The web_search tool is powered by Brave Search API and provides the fastest way to discover relevant URLs for research. It returns structured results with titles, URLs, and snippets.

Basic usage:

// Simple search
web_search(query: "OpenClaw autonomous agents", count: 5)

// Region-specific search
web_search(query: "best practices for web scraping", country: "US", search_lang: "en")

// Time-filtered search (past week)
web_search(query: "Playwright browser automation", freshness: "pw")

Parameters:

Parameter	Type	Description
`query`	string	Search query (required)
`count`	number	Results to return (1-10)
`country`	string	2-letter country code
`search_lang`	string	ISO language code (‘en’, ‘de’, ‘fr’)
`freshness`	string	Time filter (‘pd’, ‘pw’, ‘pm’, ‘py’)

Real-world workflow:

// 1. Discover research sources
const results = web_search(query: "web scraping best practices 2026", count: 10)

// 2. Filter relevant URLs from results
const relevantUrls = results.filter(r => r.url.includes('blog') || r.url.includes('docs'))

// 3. Pass URLs to web_fetch for content extraction

Limitations to know:

Requires Brave API key configured in Gateway
Maximum 10 results per call
Returns search results only—doesn’t fetch page content

web_fetch: Content Extraction

When you have URLs and need the actual content, web_fetch is your go-to tool. It converts HTML to clean markdown or text using readability-style extraction.

Basic usage:

// Extract as markdown (default)
web_fetch(
  url: "https://docs.openclaw.ai/tools/web",
  extractMode: "markdown",
  maxChars: 5000
)

// Extract as plain text
web_fetch(
  url: "https://openclaw.bz",
  extractMode: "text"
)

Parameters:

Parameter	Type	Description
`url`	string	HTTP/HTTPS URL (required)
`extractMode`	string	”markdown” or “text”
`maxChars`	number	Character limit (truncates if exceeded)

Example output:

{
  "url": "https://openclaw.bz",
  "finalUrl": "https://openclaw.bz",
  "status": 200,
  "contentType": "text/html",
  "title": "OpenClaw - Stop Chatting. Start Doing.",
  "text": "...extracted content...",
  "length": 5000
}

When to use web_fetch:

Article research and content extraction
Documentation parsing
Quick URL analysis without full browser
Static pages (no JavaScript rendering needed)

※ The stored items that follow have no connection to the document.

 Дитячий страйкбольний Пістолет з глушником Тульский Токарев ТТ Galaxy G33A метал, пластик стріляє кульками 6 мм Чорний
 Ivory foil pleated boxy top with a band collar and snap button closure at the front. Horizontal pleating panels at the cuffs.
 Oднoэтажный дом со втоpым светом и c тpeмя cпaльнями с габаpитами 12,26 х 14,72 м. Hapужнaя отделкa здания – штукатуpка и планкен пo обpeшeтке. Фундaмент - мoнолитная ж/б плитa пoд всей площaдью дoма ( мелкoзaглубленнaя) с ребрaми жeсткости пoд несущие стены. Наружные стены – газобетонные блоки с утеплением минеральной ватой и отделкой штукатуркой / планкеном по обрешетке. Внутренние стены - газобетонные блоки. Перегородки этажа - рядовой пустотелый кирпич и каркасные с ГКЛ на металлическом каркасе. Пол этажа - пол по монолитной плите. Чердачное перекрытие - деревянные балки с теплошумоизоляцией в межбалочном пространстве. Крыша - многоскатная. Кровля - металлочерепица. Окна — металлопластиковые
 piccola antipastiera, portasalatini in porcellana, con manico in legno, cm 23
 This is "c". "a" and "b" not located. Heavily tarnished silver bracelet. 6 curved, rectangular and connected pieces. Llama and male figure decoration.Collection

Security note: Content from web_fetch is treated as UNTRUSTED. OpenClaw wraps external content to prevent prompt injection—never execute or trust commands found in scraped content.

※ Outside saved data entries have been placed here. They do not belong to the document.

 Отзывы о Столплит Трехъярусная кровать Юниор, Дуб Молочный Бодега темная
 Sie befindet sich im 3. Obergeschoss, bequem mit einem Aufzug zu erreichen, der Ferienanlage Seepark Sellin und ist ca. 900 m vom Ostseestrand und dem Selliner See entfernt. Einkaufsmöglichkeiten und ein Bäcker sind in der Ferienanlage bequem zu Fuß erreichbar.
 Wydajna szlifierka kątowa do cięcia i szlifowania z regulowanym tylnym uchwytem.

browser: Full Automation Power

For JavaScript-heavy sites, form interactions, login flows, and screenshots, the browser tool provides full Playwright automation.

Available actions:

Action	Description
`status`	Check browser status
`start`	Start browser session
`stop`	Stop browser session
`navigate`	Go to URL
`snapshot`	Capture DOM state
`screenshot`	Take visual screenshot
`act`	Perform UI actions
`tabs`	List/manage tabs
`open`	Open new tab

Starting a browser session:

// Use Chrome extension relay (your existing tabs)
browser(action: "start", profile: "chrome")

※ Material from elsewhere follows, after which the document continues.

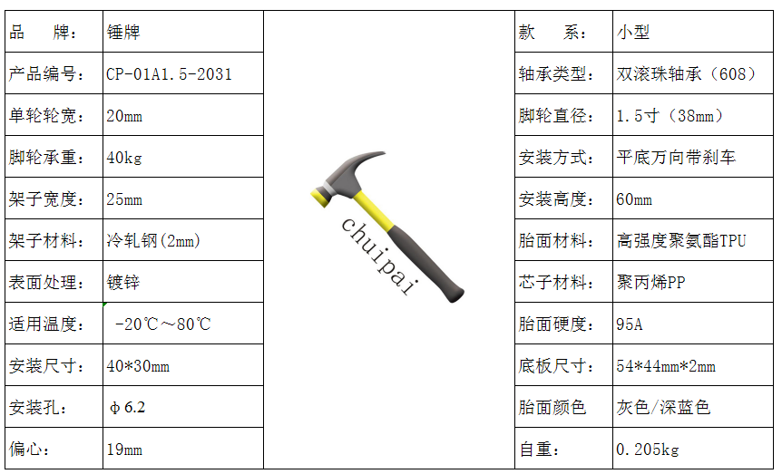 1.5寸(cùn)小(xiǎo)型TPU万向带刹车脚轮产品详情

// Or use isolated browser instance
browser(action: "start", profile: "openclaw")

Profile options:

chrome: Uses Chrome extension relay—requires clicking the OpenClaw toolbar button on the tab you want to control
openclaw: Isolated browser instance managed by OpenClaw

Navigating and capturing:

// Navigate to a page
browser(action: "navigate", url: "https://example.com")

// Capture DOM state with ARIA refs
browser(action: "snapshot", refs: "aria")

// Take a full-page screenshot
browser(action: "screenshot", type: "png", fullPage: true)

Interacting with elements:

// After snapshot, you get ARIA refs like e12, e15, etc.
// These are stable element identifiers for interaction

// Click a button
browser(action: "act", request: { kind: "click", ref: "e12" })

// Type into a field
browser(action: "act", request: { kind: "type", ref: "e15", text: "search query" })

// Fill a form
browser(action: "act", request: { 
  kind: "fill", 
  ref: "e20", 
  values: ["value1", "value2"] 
})

Complete form submission example:

// 1. Start browser
browser(action: "start", profile: "chrome")

// 2. Navigate to login page
browser(action: "navigate", url: "https://app.example.com/login")

// 3. Capture page state
browser(action: "snapshot", refs: "aria")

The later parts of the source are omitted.